The internal structure of the mechanical water meter can be divided into three parts: shell, sleeve and inner core. The shell is made of cast iron, and the water passes through the lower ring space of the shell after coming out of the water inlet, which is called the “lower ring chamber”. The “upper ring chamber” in this annular space communicates with the water outlet. The bottom of the sleeve has a filter screen to filter the debris in the water. There are two rows of round holes on the side of the sleeve, and the position of the round holes is opposite to the upper and lower ring chambers of the shell. Obviously, the lower row is the water inlet hole, and the upper row is the water outlet hole. These two rows of holes are made diagonally along the tangent direction of the circle, and the upper and lower rows of holes are in opposite directions.

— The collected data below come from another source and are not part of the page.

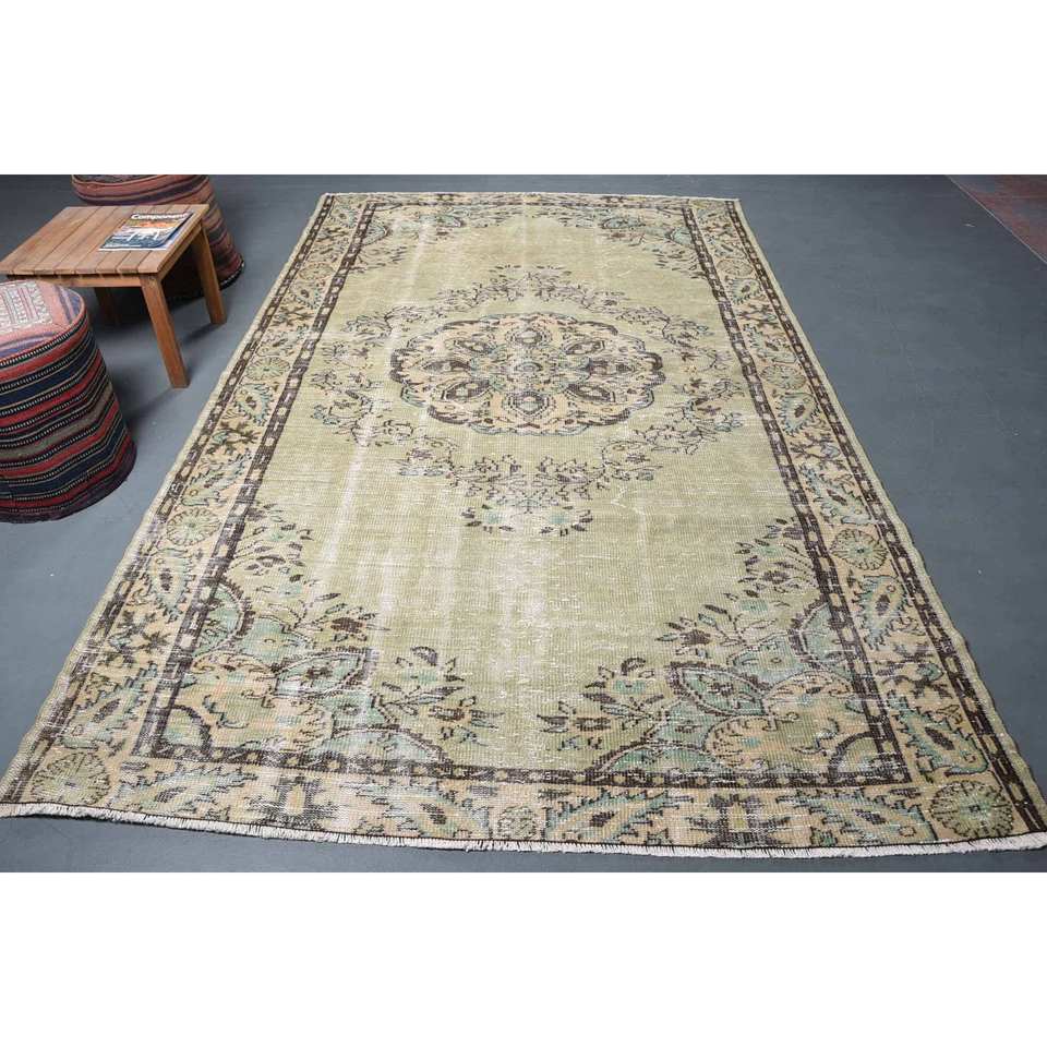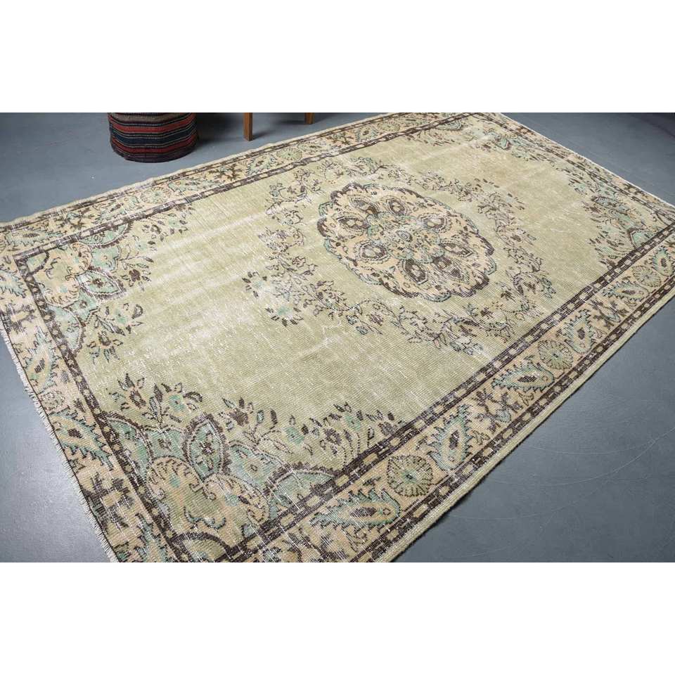 พรมขนสัตว์สีเบจสีเขียวคลาสสิกขนาด6.1x9.8ฟุตทรงสี่เหลี่ยมปะต่อสูง10มม. ทำจากยางใหม่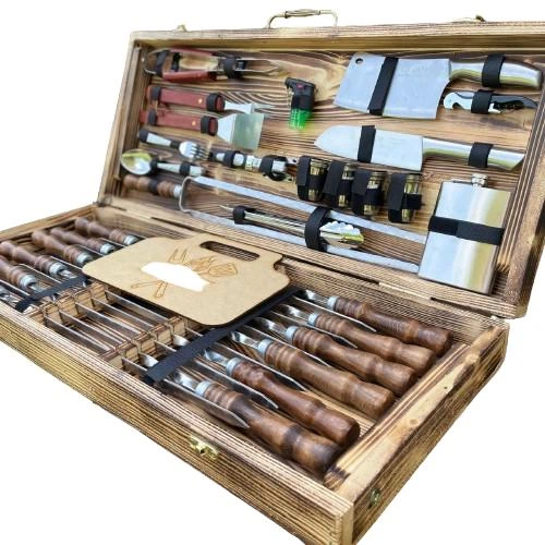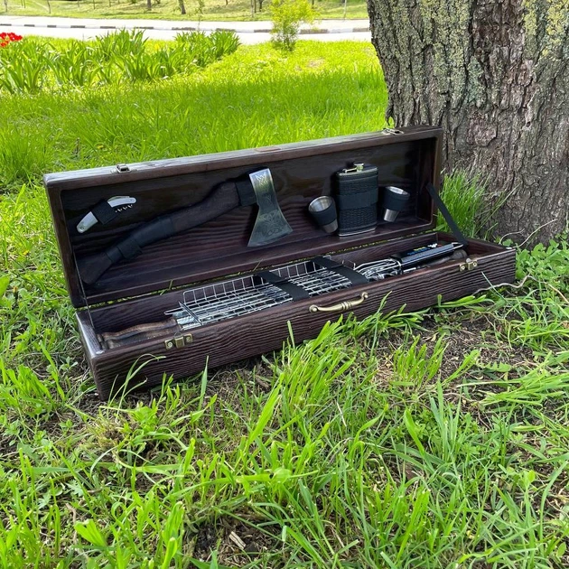 Подарунковий набір шампурів для чоловіка ПАНТЕРА 17 предметів у зручному дерев'яному кейсі, сокира, фляга з чарками, мангал-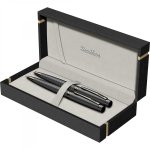 Dárková sada kuličkového pera a mechanické tužky Honour v matně černé lakové úpravě. Těla per jsou zdobena liniemi, které dotváří moderní vzhled per. Dodáváno v dárkové krabičce.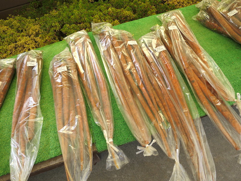 ごぼうのように長ーい人参!古くからこの地域で栽培されている品種でぎゅっと締まった肉質、人参らしい強い香り、魅力のある食材です。持って帰って土に埋めておくと保存も出来るので数袋購入しました。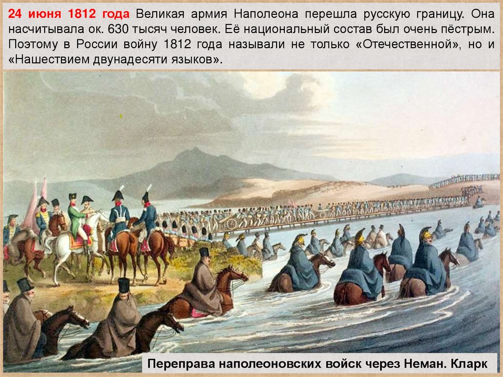 24 июня 1812 года Великая армия Наполеона перешла русскую границу. Онанасчитывала ок. 630 тысяч человек. Её национальный состав был очень пёстрым.

The water flows in the tangential direction from the lower discharge hole, which is bound to form a rotating water flow, which is very important for the work of the water meter.
Take a look at the inner core, the inner core of the mechanical water meter is divided into upper, middle and lower three layers, we see from the window is the upper layer, only the pointer and the dial. In fact, the most critical is the lower layer, which has a plastic wheel, there are many plastic blades on the edge of the wheel, called the “impeller”.

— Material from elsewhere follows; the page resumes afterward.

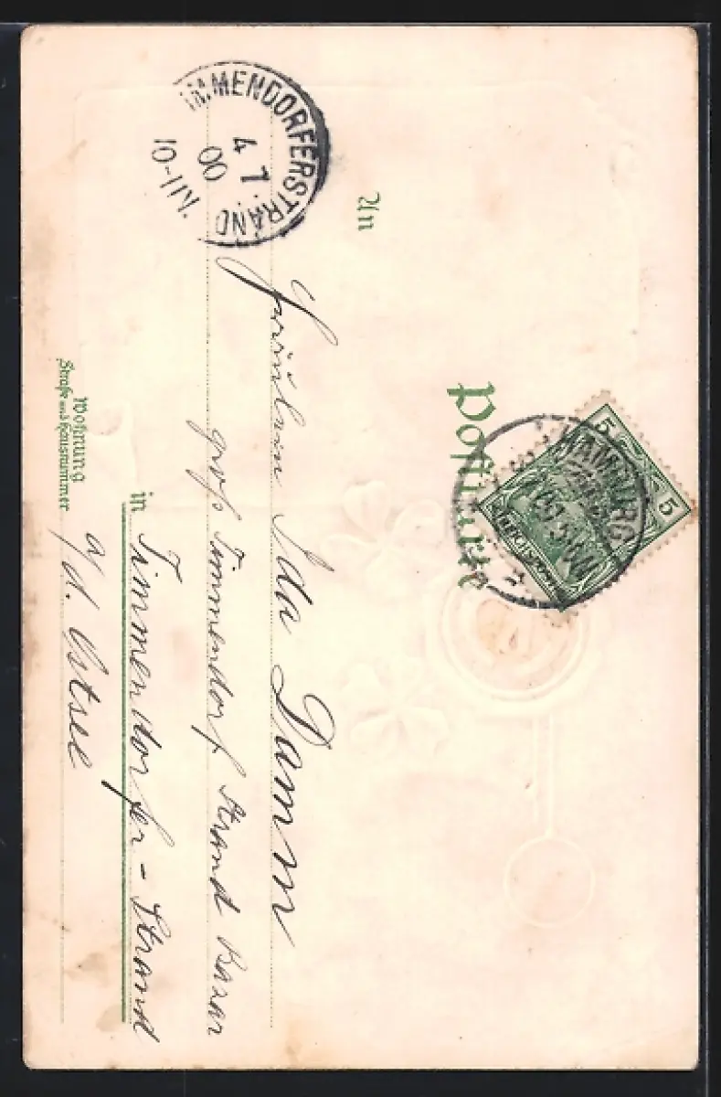 Personenbezogene Daten auf der Rückseite der Karte wurden durch blauen Textmarker unkenntlich gemacht. Die blauen Stellen sind auf die Vorderseite durchgeweicht und wirken sich negativ auf das Postkartenfoto aus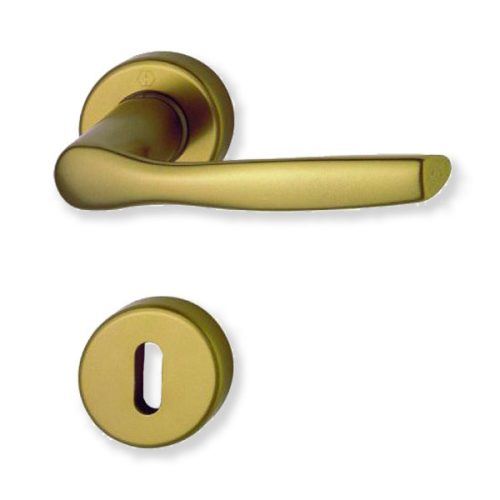 Hoppe Milano rozettás belsőajtó kilincsgarnitúra (F4) bronz színben, kulcsos. A rozetta alsó része műanyag, rejtett csavarozás facsavarokkal. Alkalmazható egyaránt balos és jobbos ajtókon is.

The position of the impeller of the mechanical water meter is just in the rotating flow formed by the lower hole of the casing, the water shocks the blades around the wheel, produces torque, and makes the impeller rotate. The bigger the tap, the faster the water flows, and the faster the impeller spins.

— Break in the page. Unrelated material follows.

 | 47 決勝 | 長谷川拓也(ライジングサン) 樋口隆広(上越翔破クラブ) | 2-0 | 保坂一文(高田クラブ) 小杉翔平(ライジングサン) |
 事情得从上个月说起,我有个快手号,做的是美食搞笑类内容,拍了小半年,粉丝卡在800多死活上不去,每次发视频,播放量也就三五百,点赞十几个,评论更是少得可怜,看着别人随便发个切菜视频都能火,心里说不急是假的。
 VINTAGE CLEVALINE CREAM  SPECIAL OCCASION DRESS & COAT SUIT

The shaft of the impeller reaches the middle layer vertically, and there is a small gear on the shaft, which is engaged with the “decimal number gear” to achieve the purpose of accumulating the number of revolutions. The function of the “decimal number gear” is that every time the single-digit gear makes ten revolutions, the ten-digit gear makes one revolution. In other words, a one-digit gear makes one revolution, and a ten-digit gear makes one tenth of a revolution. The single-digit gear is the driver, which drives the ten-digit gear. In fact, each level of the decade is completed with two pairs of gears to make the rotation direction consistent, one pair of transmission ratio is 9:30, the other pair is 10:30, the two pairs are connected together, the total transmission ratio is the product of the two, that is, 0.099999, can be approximated to 0.1.